In all this theorizing there is a tacit assumption that in man Evolution has had its last word:–it has nothing further or better to offer—which some might take to be a tacit admission that Evolution is a spent force, no longer to be reckoned with. The doctrine that man is Evolution’s ne plus ultra is, of course, acceptable to human arrogance, but it would have been more consistent with the fundamental postulate of Evolution to believe that the creative process would continue to operate until the integument of finitude and mortality had been sloughed off, or, as Bernard Shaw put it, until the day dawned when there were “no people, only thought.”
Again, if in the Incarnation the recapitulation and fulfillment of all creation takes place, a consistent application of this evolutionistic theology would demand one of two alternatives: either an ultimate and comprehensive multiplicity in which every Single creature of whatever kind—every elephant, dog, mosquito, and so on—would, in Christ, participate in the eternal state; or an ultimate and concentrated simplicity in which Christ alone would remain, in Himself uniquely and adequately the embodiment of the whole created order. It should be all or One, the whole gamut or the highest, the all-inclusive, alone. The special preservation of mankind, who represents but the second highest level in the series, would seem to be an incongruous tertium quid.

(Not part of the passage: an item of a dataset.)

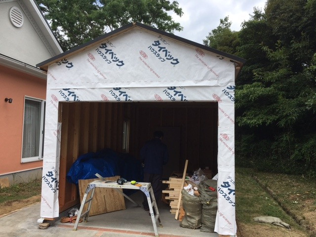ツーバイフォー工法で車庫を自社施工で造りました。
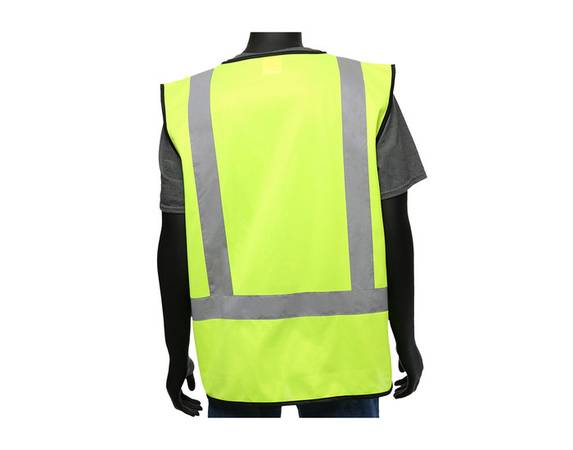 Features black color block on bottom of vest to keep dirt, grime, and stains hidden; Certified to test standards ANSI Class II Type R for workers with specific safety requirements, ensuring complete visibility

It must further be objected that this system is seriously at variance with Holy Scripture. To be sure, the Bible views man as the crown of creation, though not in any evolutionistic sense. He is not, however, depicted as being in any way deficient either organically or metaphysically; on the contrary, Scripture teaches that man as originally created enjoyed complete integration and self-fulfillment. The blessedness of his state was guaranteed by his experience of unclouded communion with his Maker. Frustration and estrangement were consequent upon his wanton rebellion against the God who had showed him nothing but grace and goodness. In other words, it is sin and not ontological finiteness which is at the root of all man’s problems. Again, Scripture associates the Incarnation with sin, never with biology. The Gospel message is that “Christ Jesus came into the world to save sinners”; but this theory makes it quite unnecessary to consider the Incarnation as connected with human sin, for its fundamental concept is not of humanity as fallen, but as risen and, in the very nature of things, demanding the crowning experience of elevation to the eternal state. Not that it should be thought that it is the intention of theologians of this school to deny or belittle sin and its effects. Their contention is that sin could not overthrow the divine purpose in creation, which involved the Incarnation, sin or no sin.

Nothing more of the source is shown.